Торг еще не начинался: и торговцы, и покупатели столпились около «криницы», вода которой только что освящалась духовенством. Богослужение шло к концу. Вот церковный притч в золотых ризах дал место мирянам, и те плотной стеной, но чинно, шаг за шагом, с обнаженными головами, потянулись по деревянным мосткам к освященному источнику. Здесь каждый наклонялся к воде и либо черпал ее себе кружкой, кувшинчиком, либо просто брал ее горстью, чтобы окропить себе темя, омыть лицо.

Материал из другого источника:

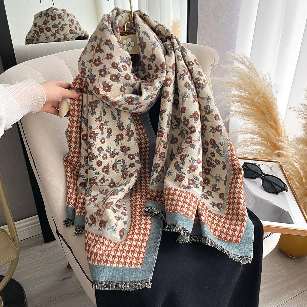 Women New Two Sided Floral Print Imitation Cashmere Scarf Soft Warm Pashmina Shawl Autumn Winter Coldproof Windproof Blanket

Вдруг сердце в груди у Курбского екнуло и шибко забилось. В ряду богомольцев, возвращавшихся от родника, он разглядел толстяка Биркина, а рядом с ним стройную девушку в праздничном малороссийском платье. То была, конечно, Маруся, но не прежняя бойкая, цветущая Маруся, а какое-то угнетенное, как бы убитое горем существо: круглое пригожее личико ее вытянулось, поблекло; глаза углубились, окаймились темными кругами.

— Что она: недомогала, знать, сильно? — тихо спросил Курбский запорожца.

Тот покосился на стремянного, с интересом также засмотревшегося на невиданное зрелище, и тихо же ответил:

— Да, братику, занеможешь, небось! Глядеть на дивчину — вчуже жалость берет! На солнышко просвечивает.

— Так она замуж-то идет не по доброй воле?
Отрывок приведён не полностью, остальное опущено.